TASK REQUIREMENTS
Of the lines in the material below, print only those from the one containing "John Mayer 与" to the one containing "Second Line History", ends included, exactly as written and without pictures.

SOURCE RECORDS
• • • • •

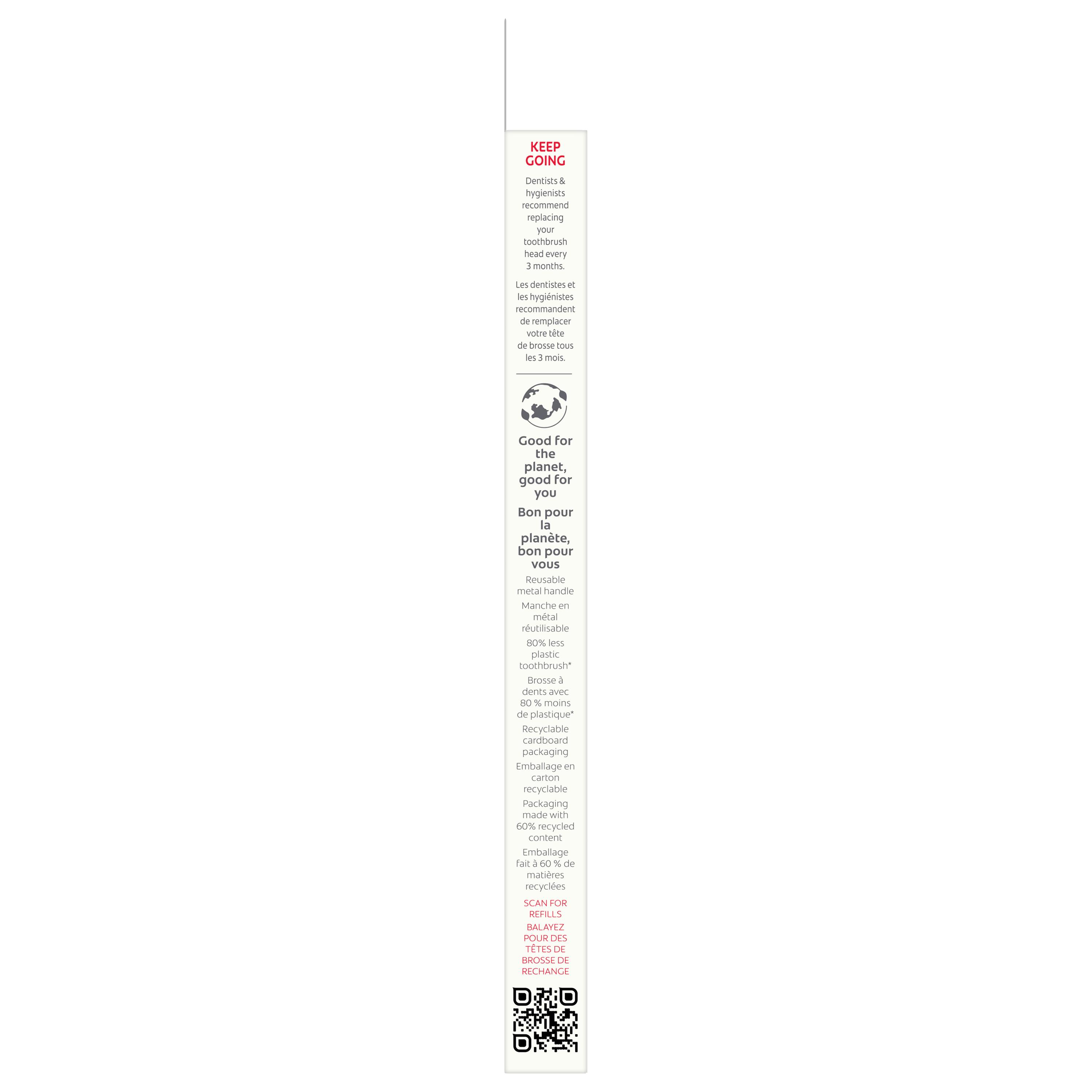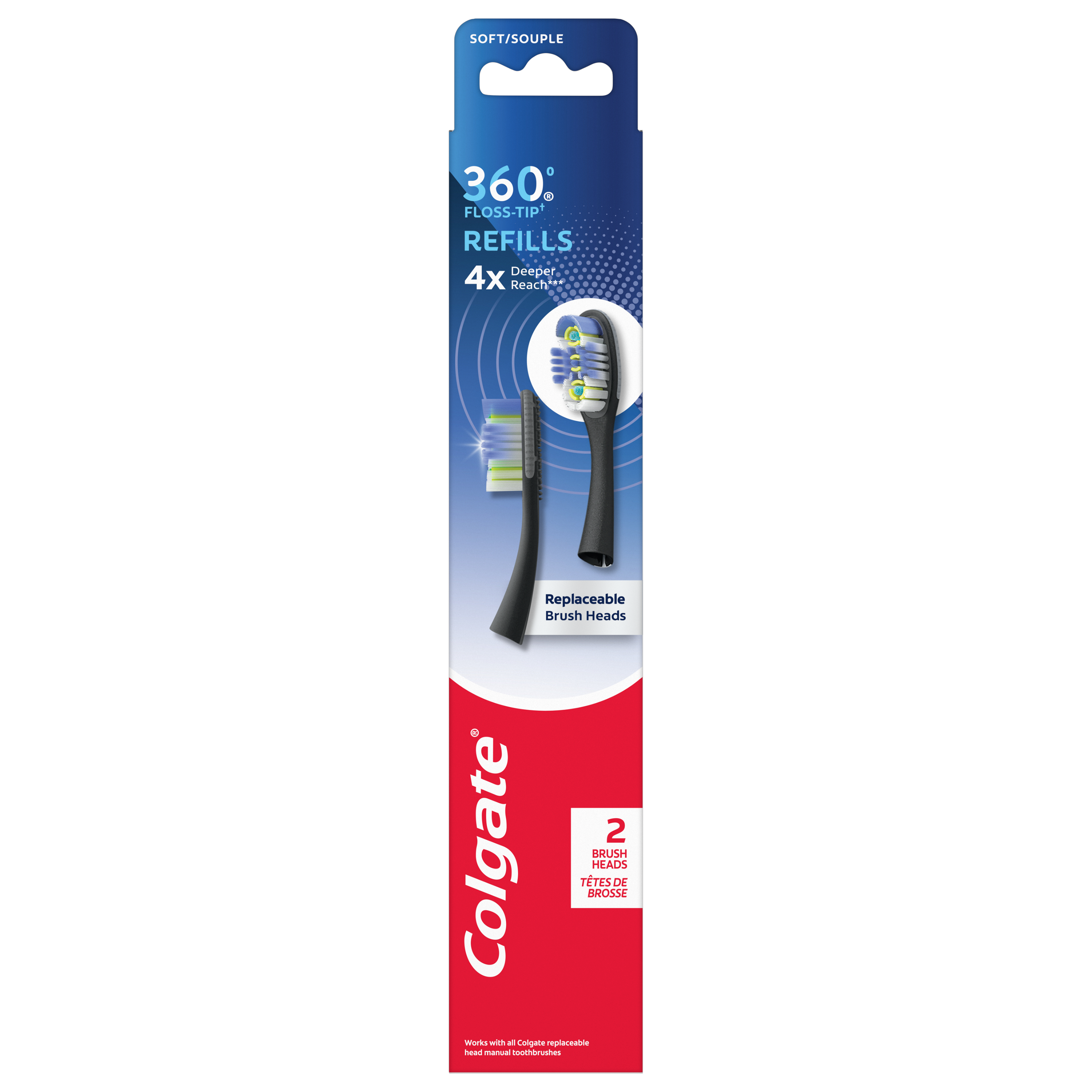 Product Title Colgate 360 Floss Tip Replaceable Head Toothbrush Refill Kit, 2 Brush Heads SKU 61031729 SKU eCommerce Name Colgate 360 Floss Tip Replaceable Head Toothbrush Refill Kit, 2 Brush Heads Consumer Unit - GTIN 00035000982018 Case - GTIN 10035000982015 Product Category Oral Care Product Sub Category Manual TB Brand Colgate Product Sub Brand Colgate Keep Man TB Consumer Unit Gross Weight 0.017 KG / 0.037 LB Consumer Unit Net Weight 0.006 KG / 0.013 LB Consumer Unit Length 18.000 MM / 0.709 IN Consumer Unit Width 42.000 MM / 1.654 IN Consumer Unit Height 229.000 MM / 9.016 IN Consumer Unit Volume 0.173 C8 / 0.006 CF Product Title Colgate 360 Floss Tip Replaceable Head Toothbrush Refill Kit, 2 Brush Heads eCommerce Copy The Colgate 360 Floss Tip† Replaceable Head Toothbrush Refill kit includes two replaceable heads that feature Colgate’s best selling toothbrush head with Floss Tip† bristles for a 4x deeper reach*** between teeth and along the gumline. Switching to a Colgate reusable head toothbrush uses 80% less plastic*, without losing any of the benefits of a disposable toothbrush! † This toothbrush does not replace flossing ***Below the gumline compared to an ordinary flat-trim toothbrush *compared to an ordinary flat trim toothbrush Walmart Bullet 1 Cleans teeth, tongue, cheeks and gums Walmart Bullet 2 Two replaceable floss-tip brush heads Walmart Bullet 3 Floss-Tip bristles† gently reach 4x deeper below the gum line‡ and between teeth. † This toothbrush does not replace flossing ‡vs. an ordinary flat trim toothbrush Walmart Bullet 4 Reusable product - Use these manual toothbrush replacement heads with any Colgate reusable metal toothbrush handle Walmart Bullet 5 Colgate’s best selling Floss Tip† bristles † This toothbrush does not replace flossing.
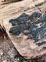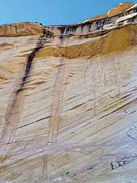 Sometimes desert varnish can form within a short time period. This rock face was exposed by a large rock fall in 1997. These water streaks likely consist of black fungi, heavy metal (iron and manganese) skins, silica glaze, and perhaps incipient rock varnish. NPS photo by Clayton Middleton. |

• • • • •

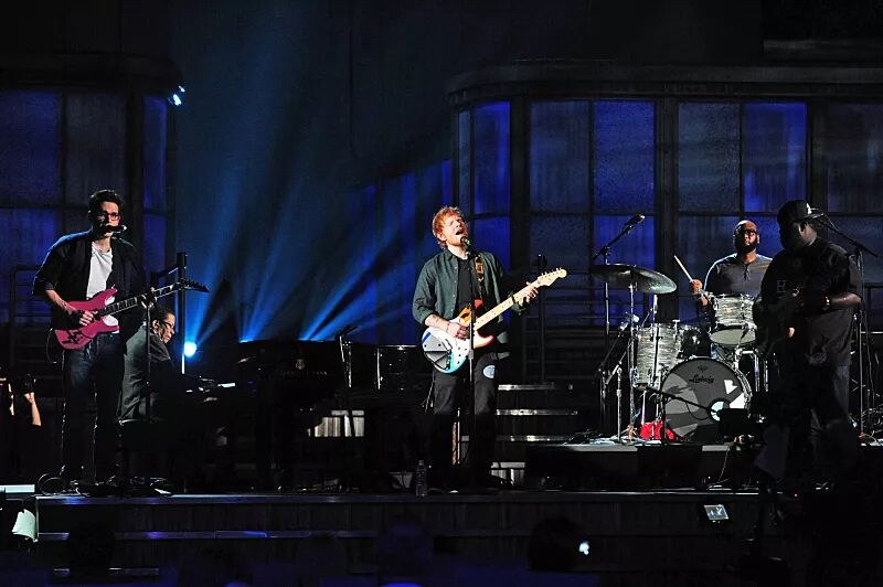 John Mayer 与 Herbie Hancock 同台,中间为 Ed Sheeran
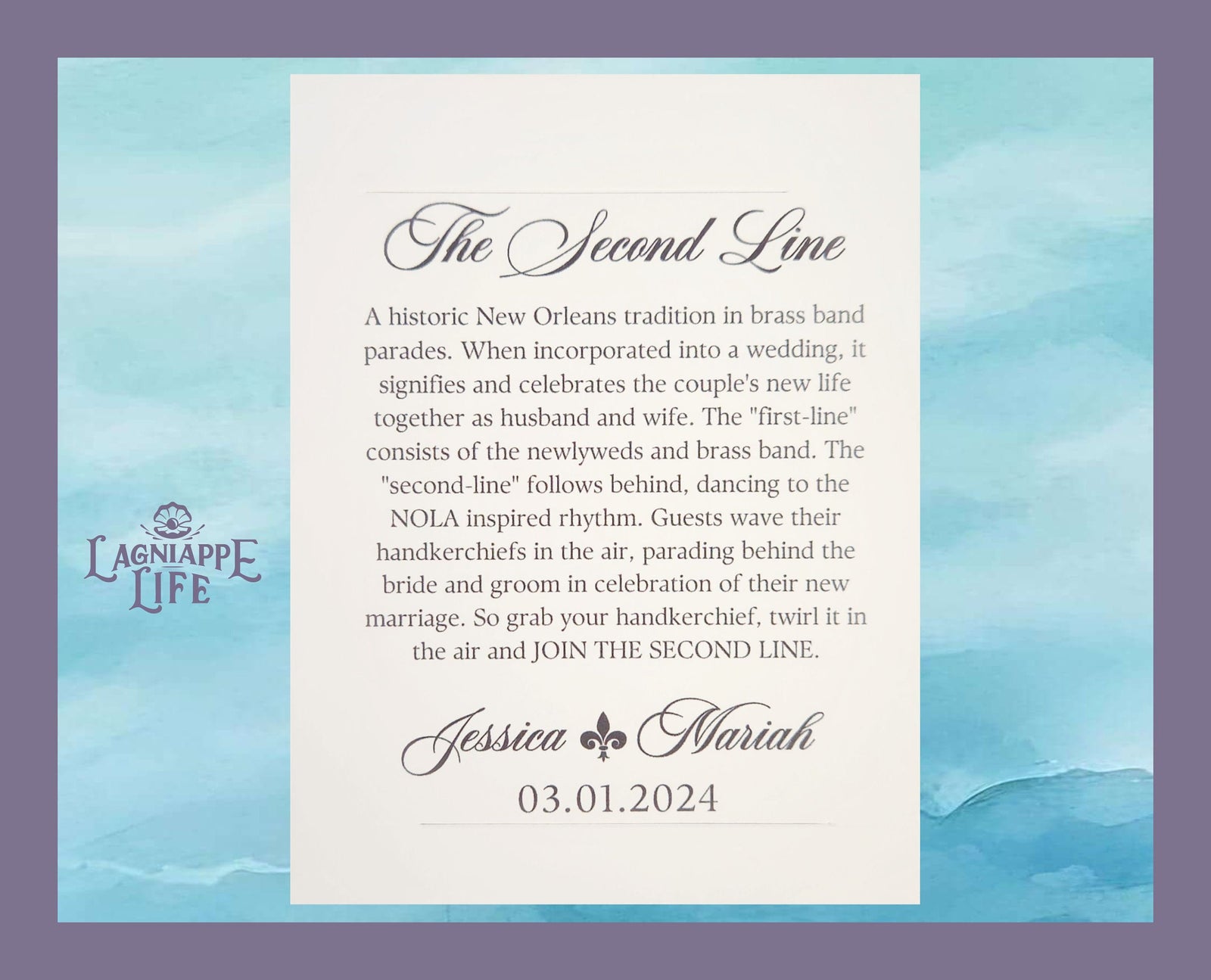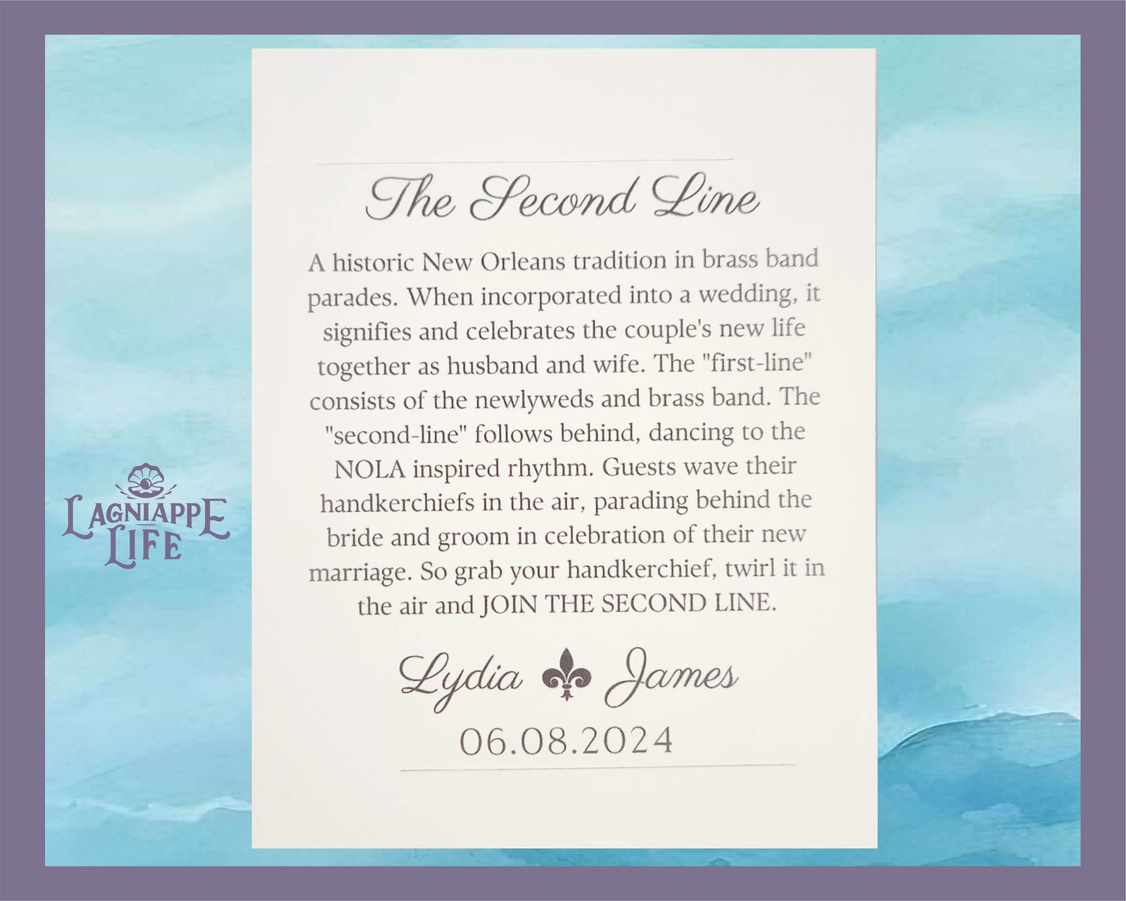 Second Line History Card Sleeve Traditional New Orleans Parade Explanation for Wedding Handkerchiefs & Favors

• • • • •

TASK OUTPUT
 John Mayer 与 Herbie Hancock 同台,中间为 Ed Sheeran
 Second Line History Card Sleeve Traditional New Orleans Parade Explanation for Wedding Handkerchiefs & Favors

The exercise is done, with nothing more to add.